Historia de una España sin sueño
Los ‘after hours’ fueron uno de los hitos más potentes de la farra española durante décadas, pero hoy esta cultura del esfuerzo por el desmadre está de capa caída
El mundo sólo comienza a desperezarse, pero el asunto está al rojo vivo. La noche se lleva cocinando desde el crepúsculo y Cenicienta ha conseguido mangarle los zapatitos al hada madrina. Esa con sospechosa pinta de madre superiora malcogida. Mientras los progenitores del país se deshacen de sus legañas con el despertador matutino de los llantos infantiles, los caciques del jolgorio emprenden su peregrinaje a las iglesias de la adoración etílica; los after hours. Pequeños apartamentos con derecho de admisión, como el Billy Wilder, donde la fiesta no cae con los coletazos del amanecer. Hay quien los tilda de antros de perdición, porque ya se sabe que nada bueno ocurre pasadas las dos de la mañana. Pero el calor de las venas, la adrenalina, natural o artificial, que domina los cuerpos, mutila toda expectativa de descanso. Con los ojos como Alemania en guerra, paranoicos en todos los frentes, pequeños grupos de partisanos del vicio se arrastran hasta la promesa de seguir la fiesta. De quemar suela, lejos de los prejuicios de los madrugadores y enamorados de que todavía ocurra algo…
Ver amanecer con la esperanza de seguir gozando no es ninguna novedad. Pero el concepto after hour, así, como terminó integrado en el imaginario colectivo, sí tiene un origen más próximo. Como casi todo lo que tiene que ver con el desmadre y los extremos del siglo XX, se dice que los afters nacen en Inglaterra con el boom de la música electrónica. Pero, ¡ah!, no tan rápido… En esto los españoles tenemos mucho que decir. Tal vez los íberos no seamos el pueblo con la mejor tradición tecnológica, ni la flota militar más peligrosa de los mares, pero si hay algo que se nos da de puta madre, eso es la fiesta. Por elevar el argumento, algo que tiene bastante que ver con la visionaria observación que ya tuvo en la primera mitad del siglo pasado Willy Hellpach, cuando escribió Geopsique, convirtiéndose en padre de la llamada ‘psicología ambiental’. Hellpach, como más tarde entenderían otros, veía una clara relación entre el comportamiento humano y la climatología, la geografía y el ambiente fáctico.

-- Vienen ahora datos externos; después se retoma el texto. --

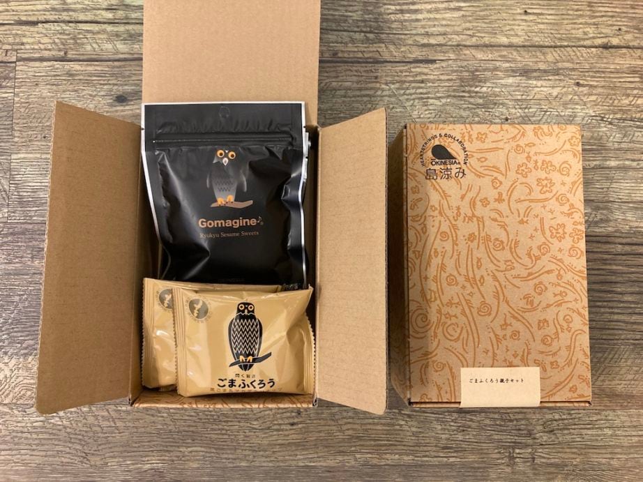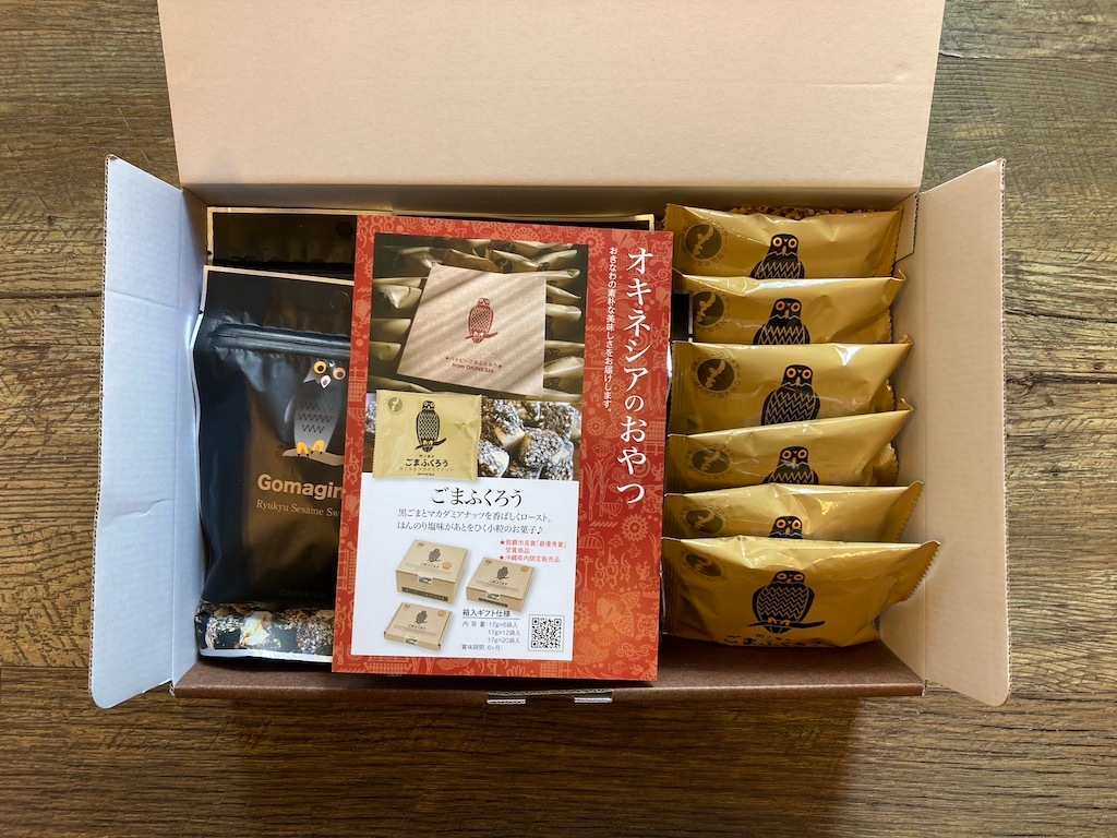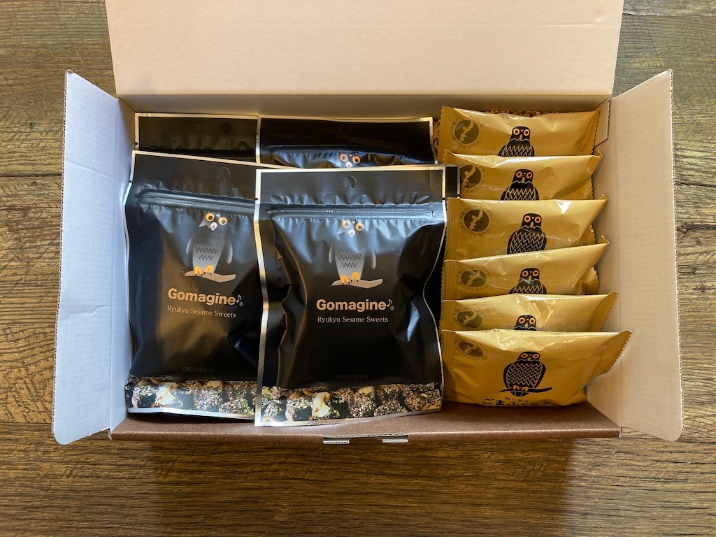 黒ごまとマカダミアナッツの深い味わい、ごまふくろう。ヘーゼルナッツ の香ばしさにココナッツミルクのアクセントが新鮮な、ごまじん。ごまふくろうのパッケージや個包装に描かれたフクロウは、リュウキュウアオバズクといって、沖縄県のレッドデータブックで準絶滅危惧種に分類されている希少動物なのです。そしてごまじんはというと、リュウキュウアオバズクの子供。お母さんのごまふくろうが大のビートルズファンで、大好きなあの曲にちなんで名前をつけたそうです。子守唄だったそうな…。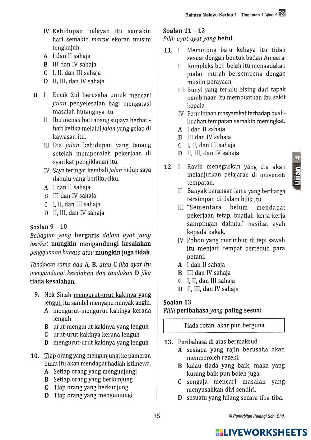 Created byKhoo Yeon Chen Bahasa Melayu (BM) Bahagian A Age 13-16 level: Form 1 Malay Author's Instructions My Google Classroom Courses × 0 classes selected (0 students total) Quick Access Select all classes (0 classes) All Classes Loading courses... Cancel Share Share to selected Course __COURSE_NAME__ __STUDENT_NAME__ (__STUDENT_EMAIL__) BM TINGKATAN 1 UJIAN 4 Download Worksheet Validation Check my answers Emails my answers to my teacher Full name Group/level School subject Teacher's email or key code Close Submit Validating worksheet... (12) Your answers have been sent to your teacher. Good luck! OK We encountered an error submitting your answers. Please try again. OK Advertisement | Go Ad Free Created byKhoo Yeon Chen Bahasa Melayu (BM) Bahagian A Age 13-16 level: Form 1 Malay Author's Instructions

«España es un territorio fértil para pasar las horas a la intemperie»
España, edén soleado, ¡península lijada por la brisa marina y el calor!, es un territorio fértil para pasar las horas a la intemperie, comer tarde, alargar las sobremesas y, alcanzada la noche, liberar el cuerpo y maltratar el hígado caprichosamente. Llegada la mañana, el rocío es suave y si bien la brisa matutina pone brevemente la piel de gallina, un agradable sol devuelve el calor a la sangre. ¿Cómo, ante semejante empalme de energía bendecida sobre la piel, uno no va a mantener el tipo con la llegada de los primeros rayos del Lorenzo? Si sumamos este plus natural a la diseminación de los pluses químicos que invadieron sobre todo Valencia en los años 80´s, los corsarios británicos pueden fardar de ser los padrinos de la electrónica más allá del crepúsculo, pero los españoles… uh, los españoles somos los paladines, ¡los guerreros psicópatas de la fiesta!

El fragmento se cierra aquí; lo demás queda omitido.